# Task item:
Beginning at the line that contains "粗品 お年賀タオル 60枚単位", reproduce the entries below exactly, ending with the line that contains "bei einem Unfall". Omit each picture.

# Supplied data:
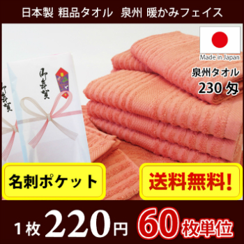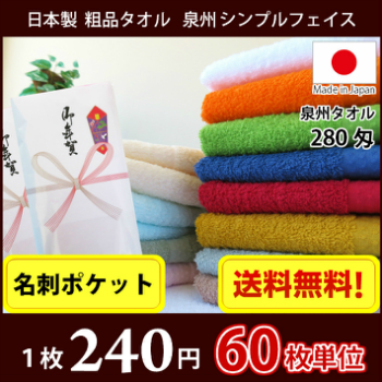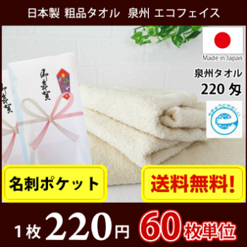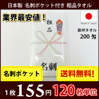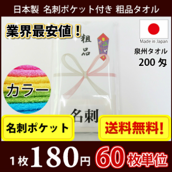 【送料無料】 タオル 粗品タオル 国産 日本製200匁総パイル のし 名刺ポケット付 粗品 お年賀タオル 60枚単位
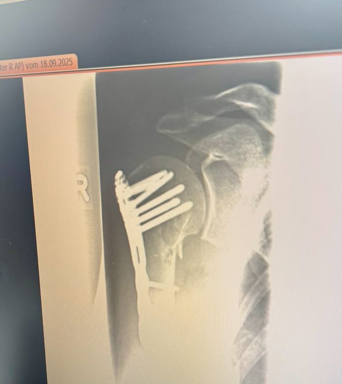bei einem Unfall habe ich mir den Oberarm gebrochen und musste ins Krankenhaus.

...

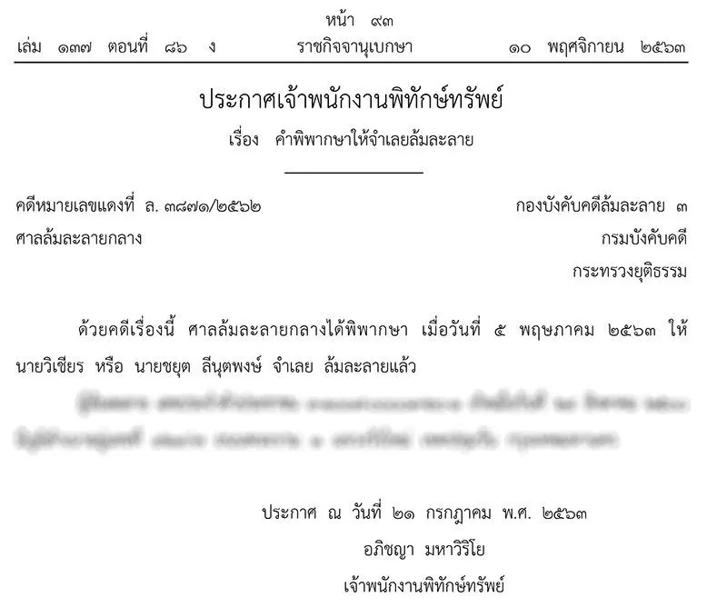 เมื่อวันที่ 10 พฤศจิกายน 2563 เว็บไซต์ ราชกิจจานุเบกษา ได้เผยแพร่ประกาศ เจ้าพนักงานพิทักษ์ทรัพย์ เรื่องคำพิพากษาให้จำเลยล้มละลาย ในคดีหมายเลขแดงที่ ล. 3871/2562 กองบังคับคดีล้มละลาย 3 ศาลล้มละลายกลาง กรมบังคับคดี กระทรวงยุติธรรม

# Answer to the problem:
 【送料無料】 タオル 粗品タオル 国産 日本製200匁総パイル のし 名刺ポケット付 粗品 お年賀タオル 60枚単位
bei einem Unfall habe ich mir den Oberarm gebrochen und musste ins Krankenhaus.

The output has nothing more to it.